Молодая жена, изменившая мужу,
собираясь уйти, собирала вещички,
он молчал, зажигал и обламывал спички,
а она объясненьями мучила душу.
Сели ужинать, водки махнули, во-первых,
приводила мотивы, глупей не придумать,
кисть ударом о стену разбил как придурок,
чтоб ее не убить, не сдержавшись, на нервах.
К девяти заказная явилась машина,
часть нажитого в кузов перекочевала,
из совместного лихо себя корчевала,
и, как женщина, тихо заплакал мужчина.
А потом на работу к ней ездил опасно,
оставлял полевые ромашки и розы,
и в махровых бутонах, похожи на слезы,
непролитые росы стояли напрасно.
7 августа 2005
Твоим рисункам
Даше
Твои рисунки бедные в моей победной книжке,
бумага тускло-бледная, и горестей в излишке.
Тела несовершенные, косой летящий почерк,
дела незавершенные, меж ними воздух-прочерк.
Во все четыре стороны распахнутый набросок,
до встречного, до скорого – дорога, путник, посох.
По случаю под тучею, а там алмазный отсвет,
судьба змеей гремучею, а там разбойный посвист.
Не бойся, все оплачено, рисуй дома и лица,
что трачено – не трачено, что длится – то продлится.
Виват тебе, наследница, мой знак и признак чуда!
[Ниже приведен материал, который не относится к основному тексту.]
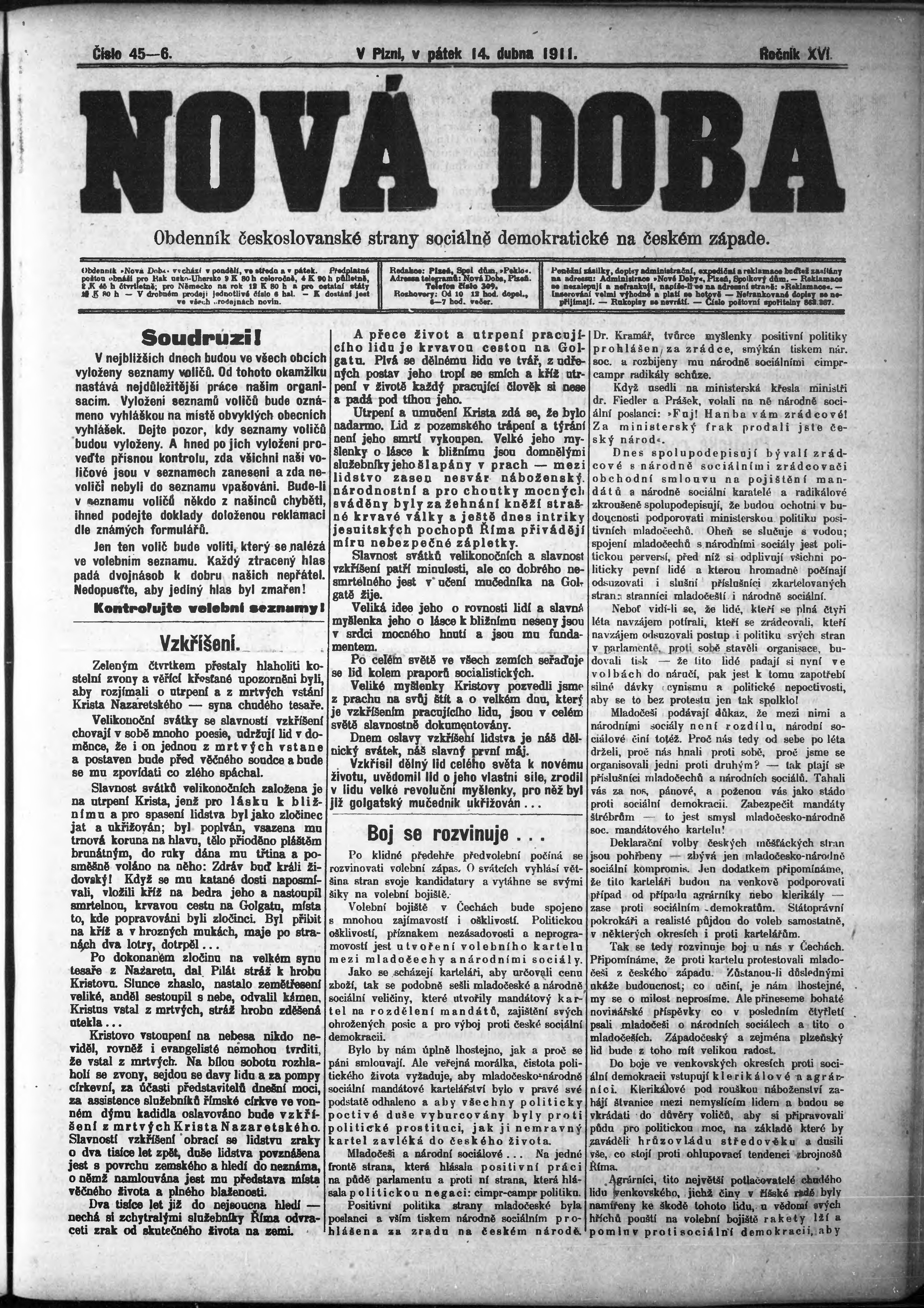 * Datum vydání výtisku: 14.4.1911 Číslo výtisku: 45 - 46

Вон видишь, в небо лестница?
Я присмотрю оттуда.
3 сентября 2005
«Мое физическое тело…»
Мое физическое тело
что делало, то и хотело,
а если делать не хотело,
кривилось, мялось и болело.
Душа Божественная в теле
всегда держалась еле-еле,
но как там все на самом деле,
чтоб знали, власти не хотели.
Струна Божественная пела,
душа рвалась, рвалась из тела,
куда-то в высоту летела,
а оболочка все пустела.
Болезненный полезен опыт:
строкой удержанные стропы,
под небом вечной Азиопы
растрачен трепет, шепот, ропот.
Душа, расставшаяся с телом,
не может быть единым целым.
И лекарем остолбенелым
жизнь пишет белое на белом.
4 сентября 2005
«Этой ночью…»
Этой ночью
я увидела все воочью:
что скажут о нас люди
и на каком преподнесут блюде.
Я думала о значении Юры
для русской литературы,
и о том, что надо о нем
написать роман,
уникальный, на 168 стран.
Юра, если ты меня слышишь,
может, сам и напишешь?
Но, Бог мой, что значит вечность
там, где правит сердечность!
Ночью этой
шептали стихи поэты,
и я знала, на каком кто месте,
и снился жених невесте.
6 сентября 2005
Опус
Часть первая:
– Так целебно смотреть на девушек.
– Так смотри.
– Так целебно брать их за руку.
– Так бери.
– Так целебно лежать с ними в постели.
– Так лежи. Только знай, что я тебя убью.
Часть вторая:
– Так целебно смотреть на девушек.
– Так смотри.
– Так целебно брать их за руку.
– Так бери.
– Так целебно лежать с ними в постели.
– Так лежи. Делай, что хочешь, только будь жив.
6 сентября 2005
«Спрашивают: зачем вы пишете…»
Спрашивают: зачем вы пишете,
когда до вас писали Пушкин и Гете?
Спрашиваю: зачем вы живете,
когда до вас жили Цезарь и Македонский?
6 сентября 2005
«В госпитале располосованы метры…»
В госпитале располосованы метры,
полоса розовая и голубая —
ровно гекзаметры. Геометры
клали пол – как стихи слагали.
Кто-то же озаботился, чтобы родом молитвы
в этом месте скуки, тоски и боли
нежных линий зазвучали ритмы,
и полегчало само собою.
От луны на полу квадраты,
светотени нарисованы ставнями.
Кто-то же озаботился моей бессонницей стандартною
не погубить – а полюбить заново.
9 сентября 2005
На 28 сентября 2005
Забраться в глухую деревню,
в приморский и горный отель,
на небо смотреть и деревья,
где всё – акварель и пастель,
зеленое и голубое,
сверкающий ультрамарин, —
пока ты со мной, я с тобою,
и мы в этом царстве царим.
Не скучно ли – ты меня спросишь,
не скучно – отвечу тебе,
пока на душе твоей просинь,
и осень прозрачнее весен,
и бес при седой бороде.
28 сентября 2005
«Бугенвилии, бугенвилии…»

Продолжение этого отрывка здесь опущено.